Hi. Thank you. Good morning, Greg. Good morning, Maarten. Just one question, and it'd be great if Greg could answer, please. Not asking for an early look on the strategic update. I've got a bit more of a backwards-looking question. If we go back to kind of the 2017, 2018 time when AkzoNobel Paints and Coatings was delivering EUR 1 billion-ish in EBITDA, if we think about volume growth since then, all of the cost saving programs have been enacted and all of the M&A transactions that Akzo's performed. If we think about a normalized raw material environment, where do you see a normalized EBITDA level for Akzo as of today? Maybe put another way, to what extent is Akzo under earning in the guidance that you've given for 2023?
What I've tried to do is I try to stay away from midterm targets because I believe that there's a healthy skepticism as to the promises that we make, and that my incentive as an incoming CEO is to give you visibility for 2023 and then to deliver on that and to rebuild that confidence that from our investor survey has been slightly eroded. I've stayed away from making promises for the long term. Let's have a look at how we perform this year. Let's look together at what we can do to unlock that value on the industrial side.
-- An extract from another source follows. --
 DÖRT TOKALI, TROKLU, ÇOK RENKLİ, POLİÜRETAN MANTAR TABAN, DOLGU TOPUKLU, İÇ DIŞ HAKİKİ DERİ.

That will underpin longer term targets that we will come out with at some point.
I won't intend to give midterm targets this year because I believe it's about short-term delivery, and it's about essentially demonstrating that what we say is something that we can deliver on.
Okay. also not-
I'm sorry. Give you any adjustments at this point.
Okay. Still not willing to kind of even say if 2023 is generally a quite depressed environment for the business overall still or?
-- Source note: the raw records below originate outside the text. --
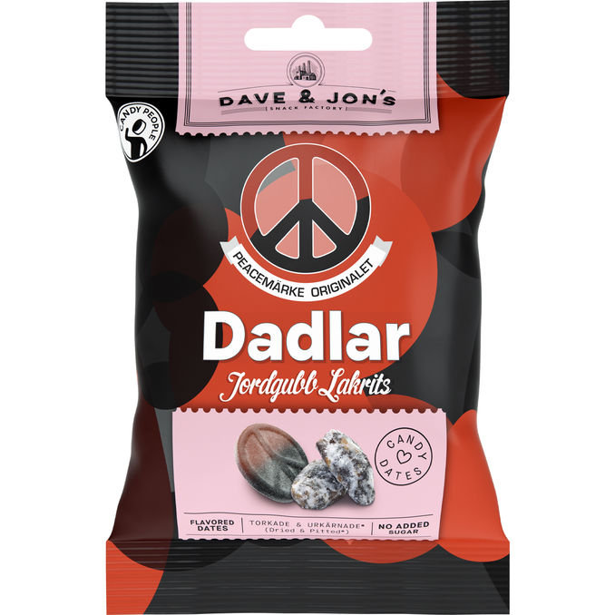 Dave & Jon’s Dadlar Peacemärke on pehmeä taatelivälipala, jossa luonnollinen makeus yhdistyy klassiseen Peacemärke-makumaailmaan. Mansikan, lakritsin ja kevyen suolaisuuden vivahteet tekevät herkusta täydellisen makuyhdistelmän. Sopii makeannälkään, välipalaksi tai kahvihetkeen. Sisältää runsaasti kuitua!
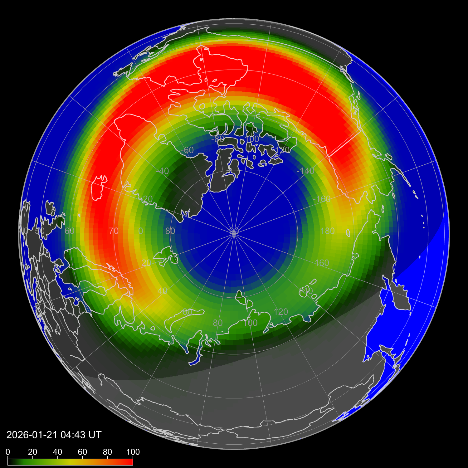 Изменения и часовой прогноз индекса интенсивности полярных сияний с 2026-01-22 по 2026-01-23
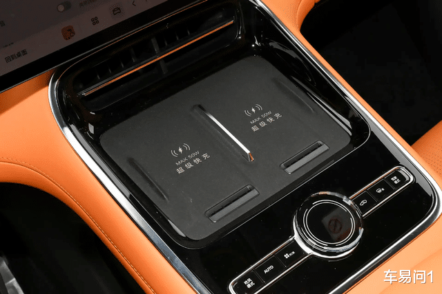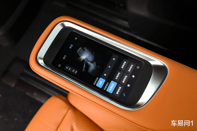 从座舱中来看,吉利银河V900在中控台还是分为了上中下三层立体结构,并在上层提供了与尾灯造型呼应的出风口、在中下层带有隐藏式氛围灯,而通过中下层与门板装饰相融,这里也有比较强烈的环抱效果。此外,D型方向盘、15.4英寸悬浮触控屏,还有门板扶手结构与翼真L380是相同的。但副仪表台已经从后者的“司机式”高台布局结构,重新设计为了双层贯穿设计,其上层带有双无线充电板+多功能物理控制台,下层也提供了掏空储物格,样式上其实是更主流的,也能让家庭用户更适应。

No, no, for sure. For sure. Hopefully that was clear. 2023 is a complicated environment for the business. We've got half of our coating businesses that are shrinking. We've got the deco market, which is under pressure around the world. We've got, you know, deco volumes that are gonna be down in Europe, which is, which is 50% of our business. We've got deco volumes that are gonna be flat at best in Latin America, give or take. I think we gave you guidance in the document. We were expecting a rebound in China, based on the 2022, that was a really tough year in China. It really is not a great market environment.
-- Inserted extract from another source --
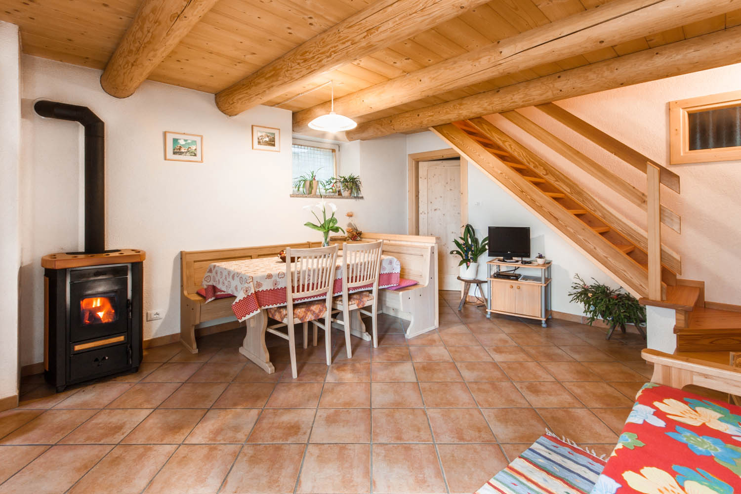 FEATURES: Portion of a characteristic mountain structure, built in stone and wood, renovated in a welcoming and comfortable way, on two floors. On the ground floor there is a large kitchen/living room and wood stove, pantry/storage room, bathroom with shower; on the first floor a double bedroom, on the mezzanine floor a twin bedroom. Outside there is green space available with barbecue and private parking.
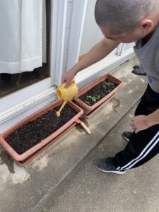 「どんな風に育つかな」と笑顔を見せながら、皆さんで水やりや生長を見守っています😌✨

The only thing that brings a little bit of sunshine to our prospects in 2023 is that we've shown our ability to keep up with inflation in terms of pricing. We believe that's part of that pricing can be retained in deflationary environments, and that we see that raw materials have peaked and have started to drop, and that we see the potential for margin expansion from Q2 onwards, as Martin explained. That's the story in 2023. This is not the story of a very supportive market environment at all, quite the opposite. It's also, you know, we already had some of that impact last year in Europe because we have quite a European exposure.
Therefore, we're banking that this impact will be negative but less drastic, again in Europe in 2023, and that all these other elements that I talked about will click in, and that we will be restoring profitability at a higher level and delivering within that range that we gave you. That's the thinking. It's not, it's not a story of a supportive market environment driving performance in 2023. That will come later.
Great. Thank you so much.
Thank you.
Thank you. At this time, we don't have any questions on queue. I'll turn it back to Kenny for some closing comments. Thank you.
Thank you, Jackie. Well, this concludes the Q&A session and our Q4 investor update. Thank you, everyone. If you have any further questions, please reach out to the investor relations team here at AkzoNobel. Operator, please close the call.
Thank you. That concludes today's call. Thank you all for joining. You may now disconnect.